(Data shown Opens)

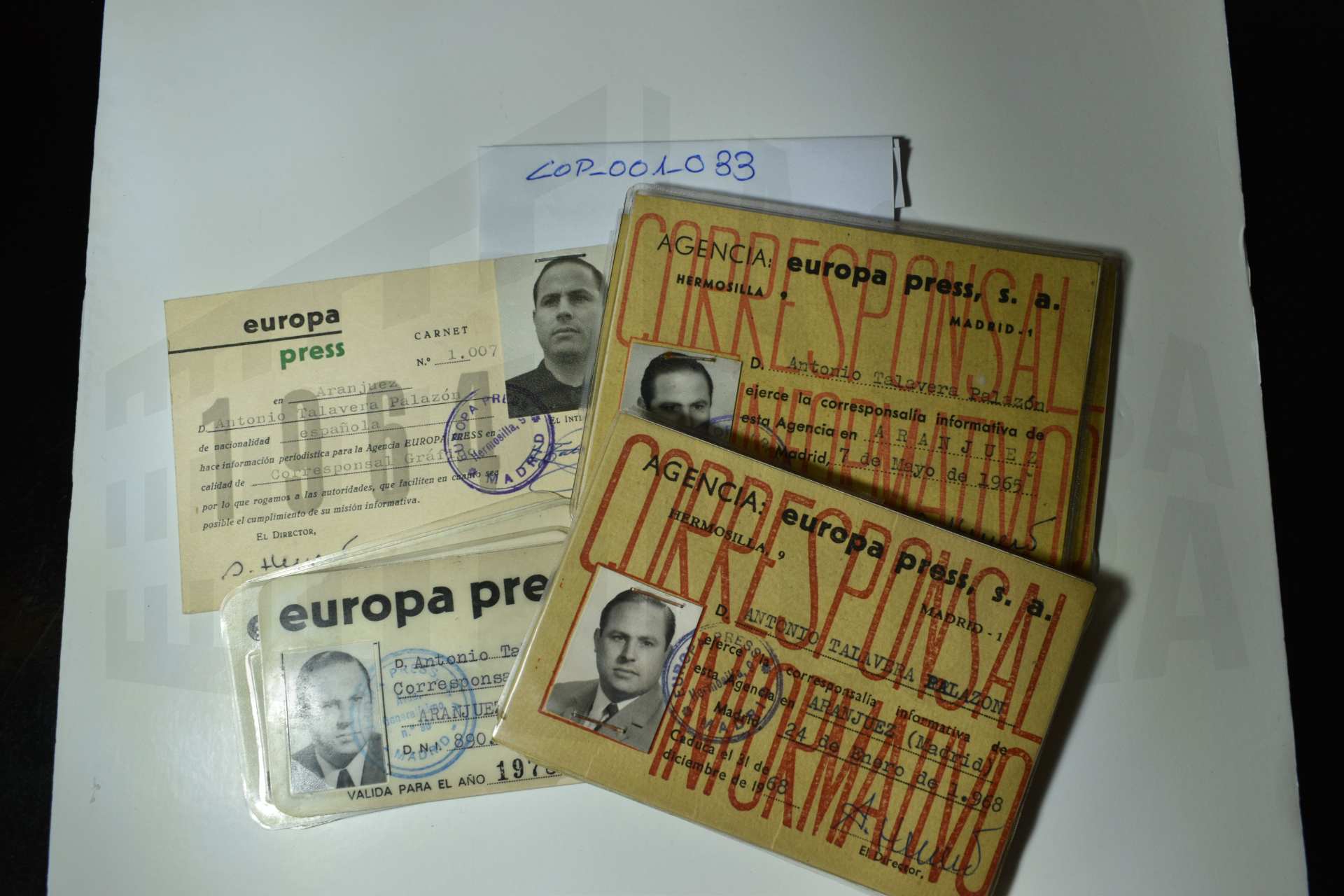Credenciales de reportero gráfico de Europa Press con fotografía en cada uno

(Data shown Closes)
(Data shown Opens)

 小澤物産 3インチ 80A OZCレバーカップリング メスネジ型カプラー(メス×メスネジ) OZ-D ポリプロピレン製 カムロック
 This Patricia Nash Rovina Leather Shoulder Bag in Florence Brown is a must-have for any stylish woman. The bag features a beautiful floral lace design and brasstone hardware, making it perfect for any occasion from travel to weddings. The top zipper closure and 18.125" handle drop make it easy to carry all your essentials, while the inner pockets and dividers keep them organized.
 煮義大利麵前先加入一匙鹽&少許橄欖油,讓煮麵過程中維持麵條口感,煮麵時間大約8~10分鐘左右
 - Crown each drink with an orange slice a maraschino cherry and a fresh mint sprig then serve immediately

(Data shown Closes)

From the records above, copy only the lines starting with the line that holds "小澤物産 3インチ 80A" and going on through the line that holds "煮義大利麵前先加入一匙鹽&少", exactly as written.

 小澤物産 3インチ 80A OZCレバーカップリング メスネジ型カプラー(メス×メスネジ) OZ-D ポリプロピレン製 カムロック
 This Patricia Nash Rovina Leather Shoulder Bag in Florence Brown is a must-have for any stylish woman. The bag features a beautiful floral lace design and brasstone hardware, making it perfect for any occasion from travel to weddings. The top zipper closure and 18.125" handle drop make it easy to carry all your essentials, while the inner pockets and dividers keep them organized.
 煮義大利麵前先加入一匙鹽&少許橄欖油,讓煮麵過程中維持麵條口感,煮麵時間大約8~10分鐘左右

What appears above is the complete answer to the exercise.